=== Task description ===
These records contain pictures, which must be left out; copy exactly the lines from the one with "- Easy to Assemble: Red" up to and including the one with "En la tercera".

=== Material provided ===
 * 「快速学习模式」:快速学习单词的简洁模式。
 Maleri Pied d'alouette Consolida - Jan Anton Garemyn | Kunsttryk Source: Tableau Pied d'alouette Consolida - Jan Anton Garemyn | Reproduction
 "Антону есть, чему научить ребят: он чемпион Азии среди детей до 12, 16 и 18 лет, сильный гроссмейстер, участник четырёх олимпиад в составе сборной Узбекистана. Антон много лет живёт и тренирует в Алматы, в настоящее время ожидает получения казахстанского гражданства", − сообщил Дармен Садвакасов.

* * *

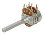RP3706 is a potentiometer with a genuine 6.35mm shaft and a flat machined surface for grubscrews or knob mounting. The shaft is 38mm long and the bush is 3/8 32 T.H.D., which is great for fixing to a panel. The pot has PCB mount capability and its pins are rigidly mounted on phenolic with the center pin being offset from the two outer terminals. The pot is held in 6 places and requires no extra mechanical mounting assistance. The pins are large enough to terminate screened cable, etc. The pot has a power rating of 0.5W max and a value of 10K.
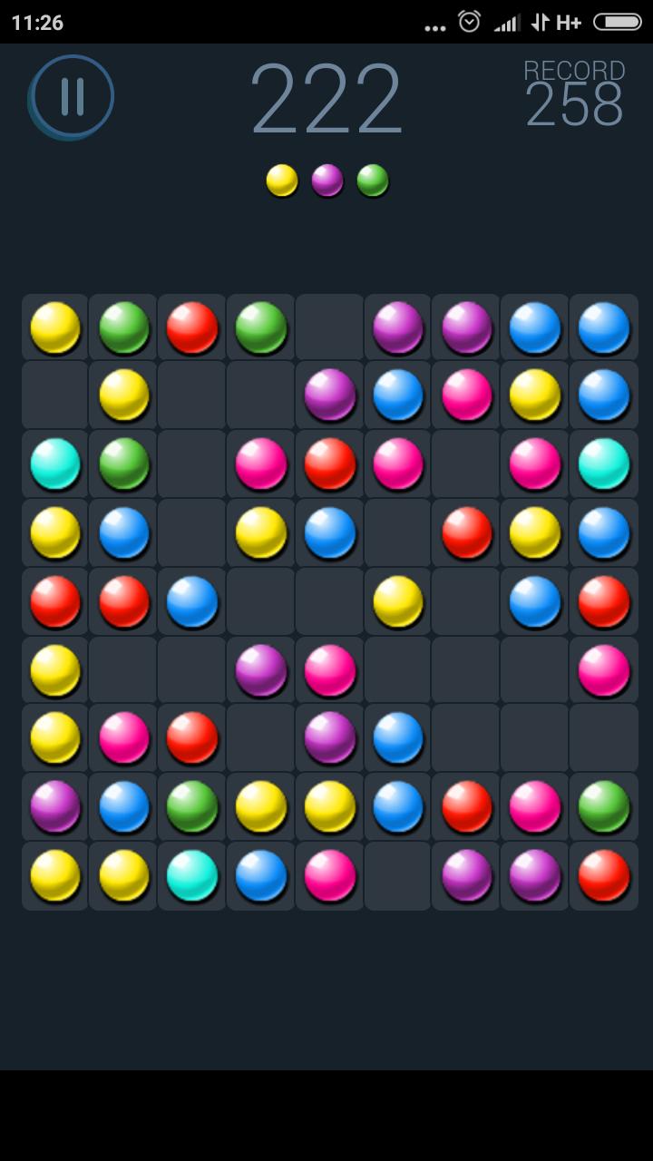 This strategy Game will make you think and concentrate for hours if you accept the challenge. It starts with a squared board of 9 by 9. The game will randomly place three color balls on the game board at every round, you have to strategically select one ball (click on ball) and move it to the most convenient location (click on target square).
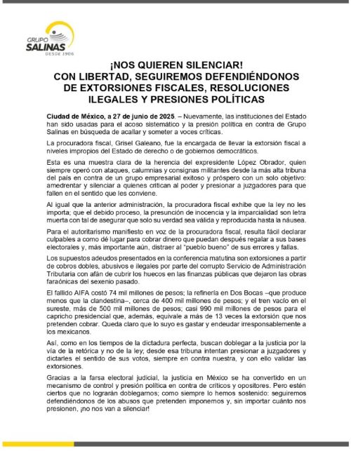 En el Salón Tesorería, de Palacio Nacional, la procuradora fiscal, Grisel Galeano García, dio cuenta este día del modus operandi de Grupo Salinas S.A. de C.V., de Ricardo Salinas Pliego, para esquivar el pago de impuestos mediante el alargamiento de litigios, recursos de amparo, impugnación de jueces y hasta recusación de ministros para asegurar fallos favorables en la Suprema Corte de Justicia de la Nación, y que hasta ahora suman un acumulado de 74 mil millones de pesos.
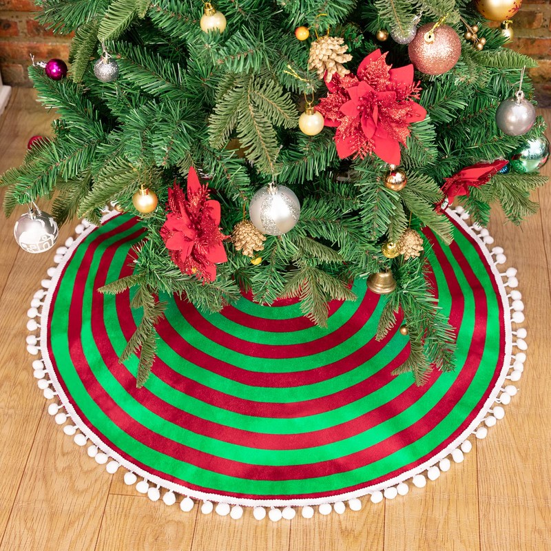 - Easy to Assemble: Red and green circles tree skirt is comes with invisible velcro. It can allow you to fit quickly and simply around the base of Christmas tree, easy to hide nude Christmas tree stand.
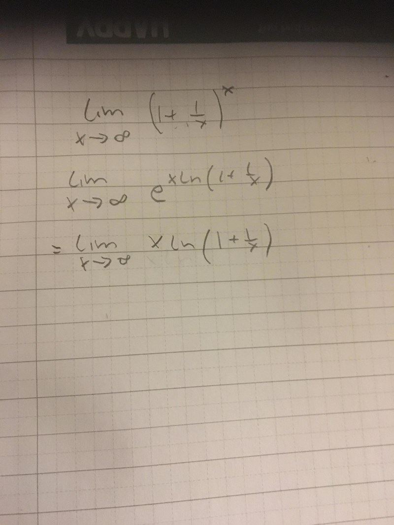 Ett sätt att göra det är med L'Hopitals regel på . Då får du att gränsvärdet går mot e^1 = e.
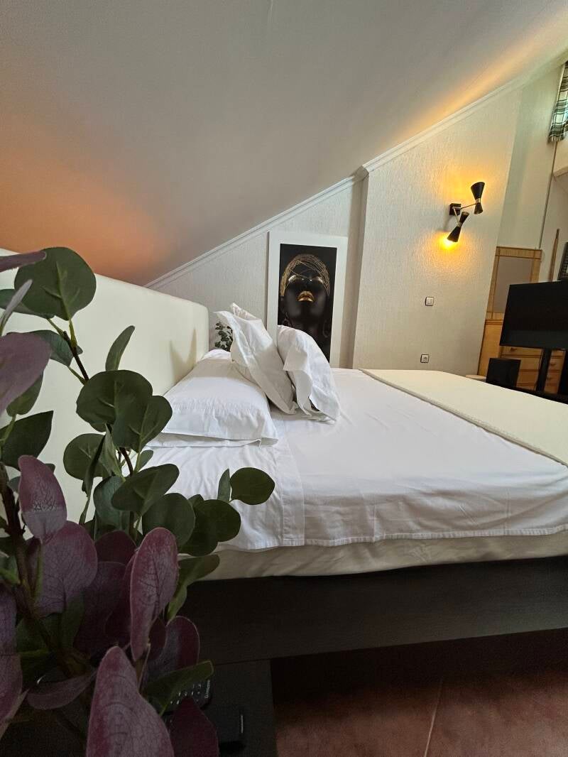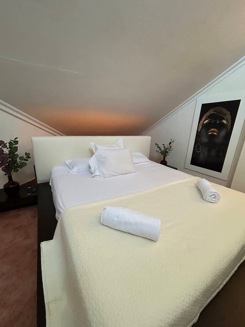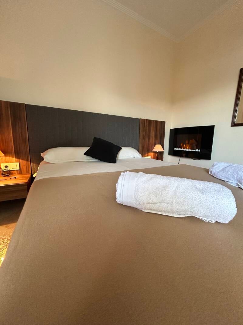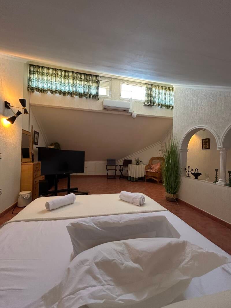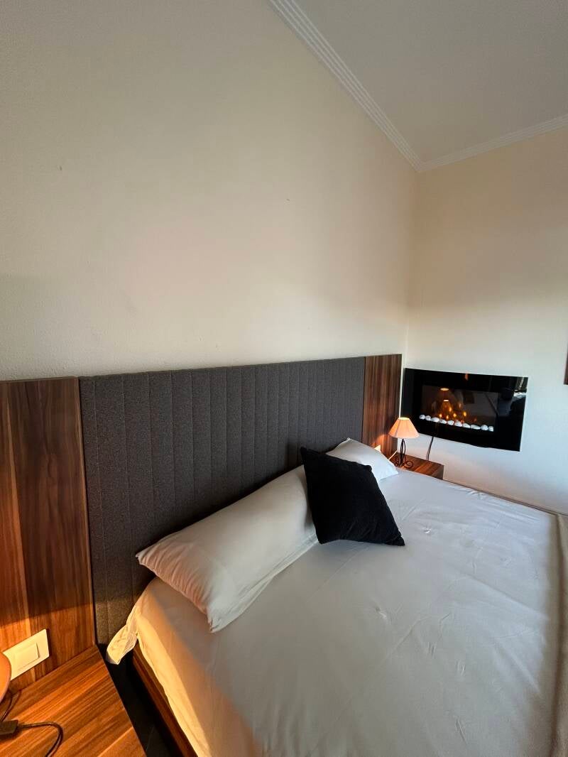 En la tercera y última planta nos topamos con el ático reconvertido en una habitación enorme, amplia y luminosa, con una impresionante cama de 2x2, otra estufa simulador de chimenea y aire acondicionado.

---

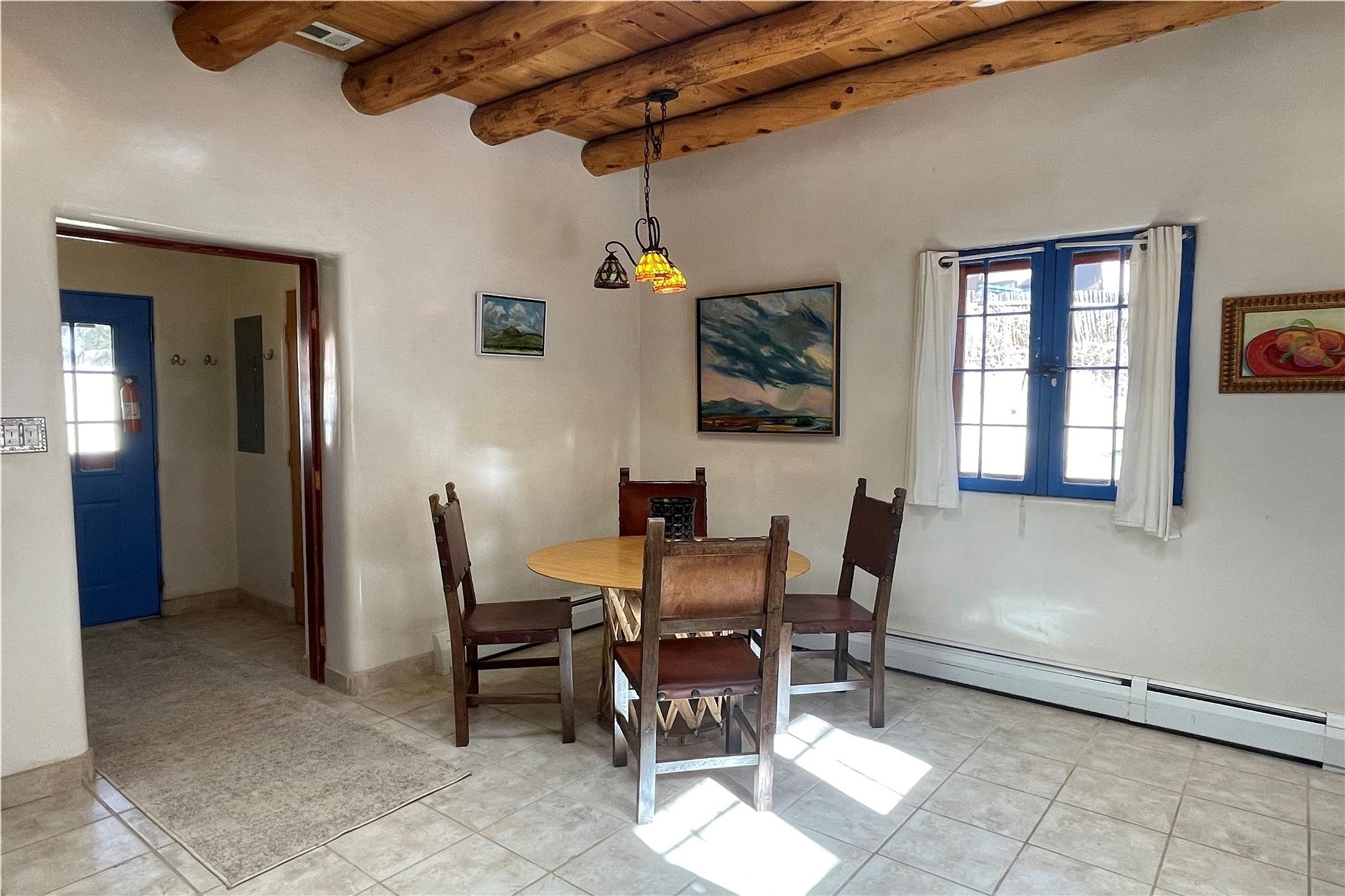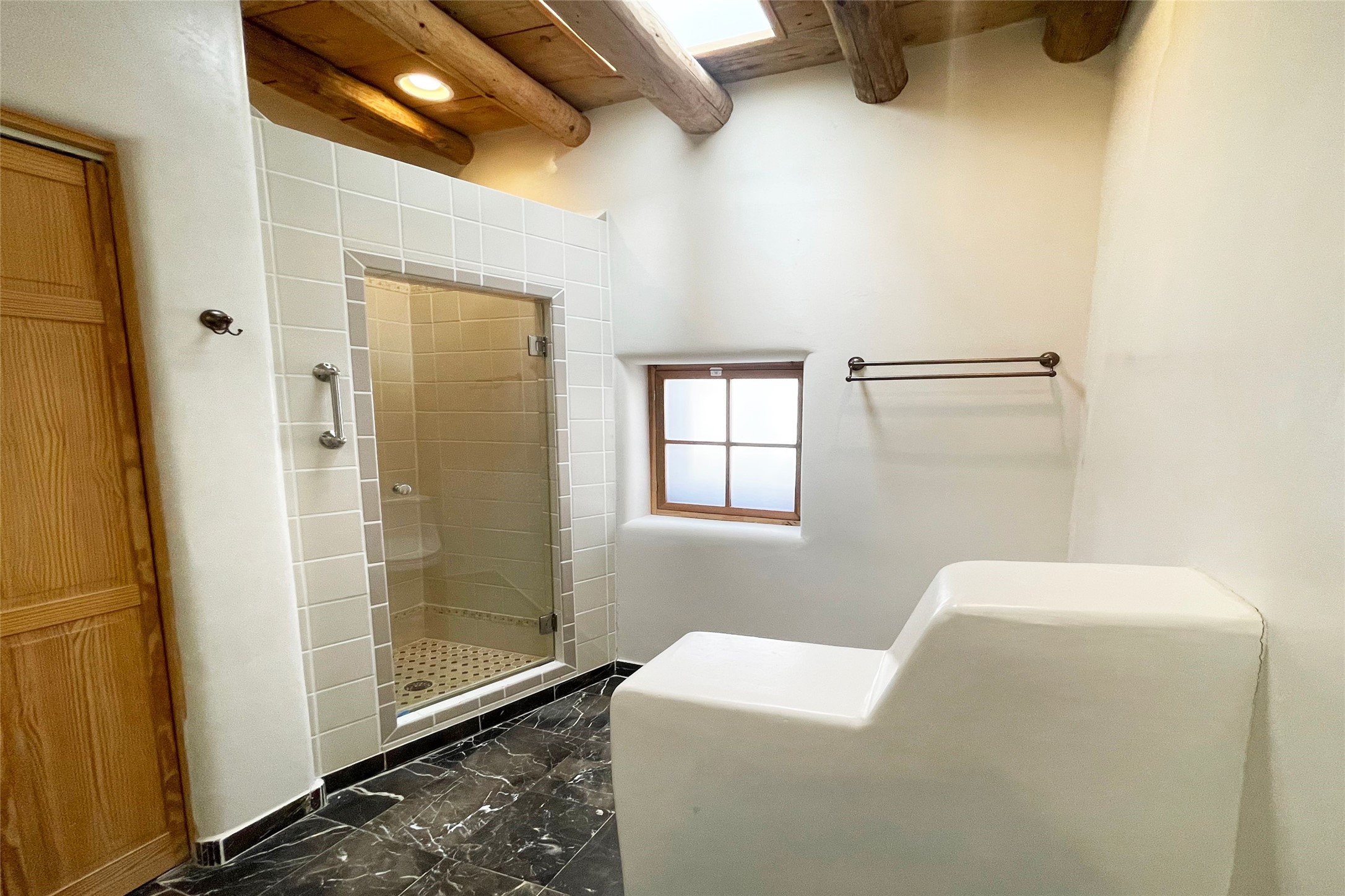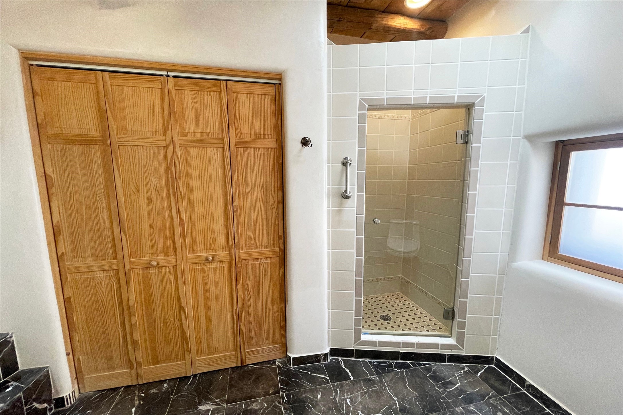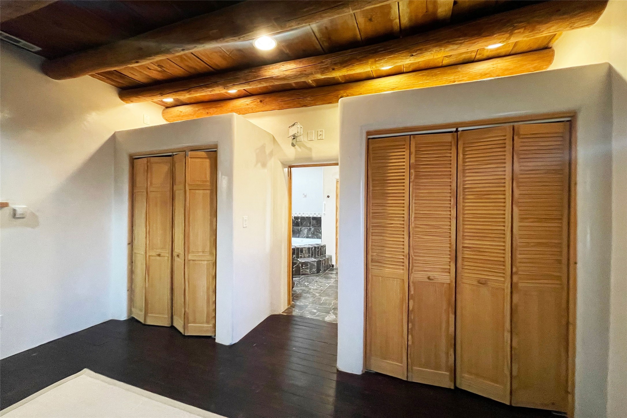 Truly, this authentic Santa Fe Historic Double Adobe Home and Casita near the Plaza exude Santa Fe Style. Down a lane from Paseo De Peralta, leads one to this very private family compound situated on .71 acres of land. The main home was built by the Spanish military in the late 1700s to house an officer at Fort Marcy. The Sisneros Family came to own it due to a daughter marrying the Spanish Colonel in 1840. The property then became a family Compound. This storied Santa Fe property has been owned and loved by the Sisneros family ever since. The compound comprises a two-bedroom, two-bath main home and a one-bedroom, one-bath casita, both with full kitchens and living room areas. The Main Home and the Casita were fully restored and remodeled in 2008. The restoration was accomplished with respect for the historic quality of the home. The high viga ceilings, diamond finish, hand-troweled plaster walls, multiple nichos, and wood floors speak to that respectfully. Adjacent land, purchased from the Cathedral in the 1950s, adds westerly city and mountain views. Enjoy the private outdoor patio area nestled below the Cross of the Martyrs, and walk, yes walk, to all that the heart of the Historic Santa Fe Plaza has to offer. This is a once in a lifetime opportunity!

=== Answer to the exercise ===
 - Easy to Assemble: Red and green circles tree skirt is comes with invisible velcro. It can allow you to fit quickly and simply around the base of Christmas tree, easy to hide nude Christmas tree stand.
 Ett sätt att göra det är med L'Hopitals regel på . Då får du att gränsvärdet går mot e^1 = e.
 En la tercera y última planta nos topamos con el ático reconvertido en una habitación enorme, amplia y luminosa, con una impresionante cama de 2x2, otra estufa simulador de chimenea y aire acondicionado.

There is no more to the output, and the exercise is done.